John le Carre is an inveterate writer, famed for his Cold War (1945-1991) espionage series of novels with spy George Smiley as the lead character. It is hard not to like these books – particularly The Spy who came in from the Cold (1963) and Tinker Tailor Soldier Spy (1974).
But
The Russia House (1989) is not a George Smiley novel. The protagonist, Barley
Blair is not a ‘Service’ man – he is an ordinary, likeable, small-time book
publisher in Moscow to attend the annual Book Fair. Blair, by his own admission
is a heavy drinker, and in an inebriated state while in Moscow he makes a
promise to a Soviet scientist Yakov Yefremovich Savelyev – also known as
Goethe.
At
another Book Fair, Yekaterina Borisovna Orlova – a woman called Katya – who
works for an English language publishing house in Moscow, is looking for Blair.

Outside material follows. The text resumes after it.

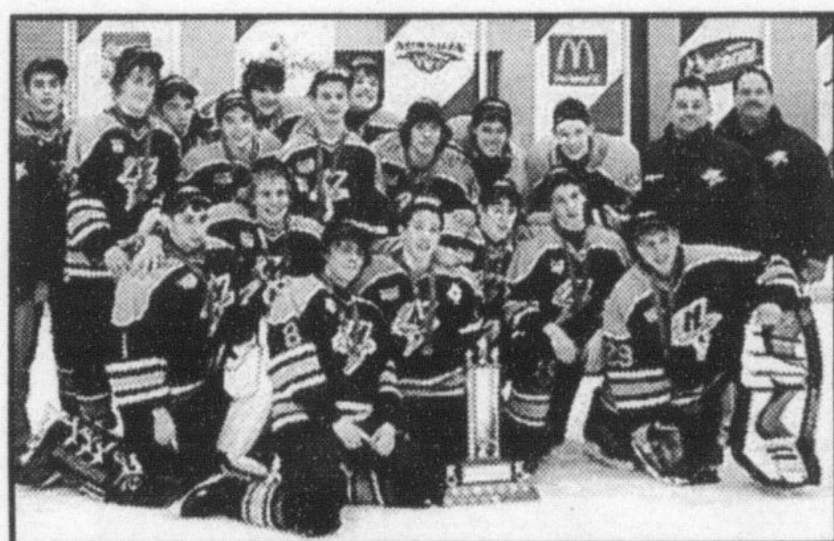
Halton's AAA bantams, who included six Milton-area players this year, show off their OMHA silver medals.

She has, wrapped in brown paper and tied with a knot, a manuscript for Blair – but,
Blair is not at the Fair. Katya hands the parcel to a salesman, Niki Landau,
who cannot find Blair, and opens the package to find three notebooks. These are
the works of the Soviet scientist Goethe.
Landau
hands the manuscript to a section of MI6, the British Intelligence – the
section called Russia House.
The
novel is about the training of Blair to become a British spy to make contact
with Goethe through Katya. British Intelligence is not the only country
interested in these notebooks – the American CIA agents are involved too. And
then Blair goes missing.
The
narrator is an agent from the MI6’s Russia House, Horatio Benedict dePalfry –
known as Harry Palfrey – who says he knows the full story, directly from Barley
Blair, and that “I have tried to tell it to you [readers] here, from his side
as well as ours.”
Whereas
le Carre’s George Smiley series are intellectual espionage, the Russia House is
intellectual literary suspense wrapped around ideologies. For example, in a
discussion between Barley and Katya about Russian novels they allude to the
Russian nihilist movement (originating in the 1860s) that promotes violence for
political change – and one that does not take anything for granted – mentioned in
Ivan Turgenev’s novel Fathers and Sons (1862). Katya answers that she is a
humanist – taking an ethical stance - while she describes Goethe as an idealist
– where reality is fundamentally immaterial.
In
the novel we have an ‘idealist’ Soviet scientist – Goethe – whose manuscript
reveals his country’s nuclear capabilities and secrets. The relationship
between idealism and science is an interesting one especially in terms of
absolute values such as ethics, aesthetics, logic, and metaphysics. So the
reader gets an insight into the Russian ideologies of Katya and Goethe – and of
open and closed societies – but what of Blair and the narrator? Does it explain
Blair’s absence? And is the narrator impartial?
As
the narrator Palfrey writes, “the elusive truth” is unravelled “in a series of
distorted perceptions, which is generally the case in our secret overworld.”